Court Opinion

ID: 6899370
Source: CourtListenerOpinion
Date Created: 2022-07-23 21:53:22.118219+00
Date Added: 2024-06-11T16:06:07.108324
License: Public Domain

On Motion to Strike Cost Bill.
Mr. Chiee Justice Moore
delivered the opinion.
5. This is a motion to tax costs and disbursements. A supplemental decree herein having been reversed July 27, *4871903, the defendant, on December 9th of that year, filed a statement of his costs and disbursements, serving a copy thereof on plaintiff’s counsel, who moved to strike it from the files, on the ground that it was not placed thereon within the time prescribed. The clerk having allowed the several items as claimed, plaintiff’s counsel contend that an error was thereby committed. The statute prescribing the manner of taxing costs and disbursements was amended by an act approved February 24, 1903, prohibiting the recovery thereof unless the prevailing party to a judgment, decree, or special proceeding, within five days from the rendition thereof, serves on the adverse party entitled to notice an itemized statement of the, sums to which he claims to be entitled. Such statement may be filed, however, at any time after the period prescribed, but not later than the first day of the next regular term of the court occurring after the expiration of the first five days, in which case the statement must be served on the adverse party, though he has not appeared. If objections thereto are filed within five days from the expiration of the time allowed to file the cost bill, such statement and objections shall constitute the only pleadings required, and the issue so joined shall be tried as soon as convenient by the court or judge, and from the judgment rendered thereon an appeal maybe taken: Laws 1903, p. 209,210. Though this statute was evidently designed to regulate the mode to be pursued in taxing costs and disbursements in the circuit courts, the rule prescribed ought to be adopted as far as applicable in this court: Rader v. Barr, 37 Or. 453 (61 Pac. 1027, 1127).

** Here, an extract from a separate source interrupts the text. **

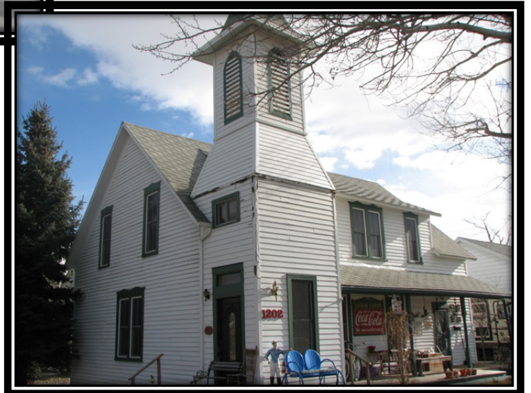
Roaming Cowboy Bed & Breakfast

6. It will be remembered that the cost bill was filed December 9, 1903 ; but as an excuse for the delay it is maintained by defendant’s counsel that a petition for a rehearing was pending until October 5th of that year, and until that was overruled no final decree had been rendered, and *488for this reason the statement was filed within the time prescribed. In Hammer v. Downing, 39 Or. 504 (65 Pac. 990), it was held that when an opinion is handed down the judgment affected thereby is to all intents and purposes final, notwithstanding the rules of this court allow the defeated party twenty days in which to file a petition for a rehearing, and the conclusion so reached controls the case at bar.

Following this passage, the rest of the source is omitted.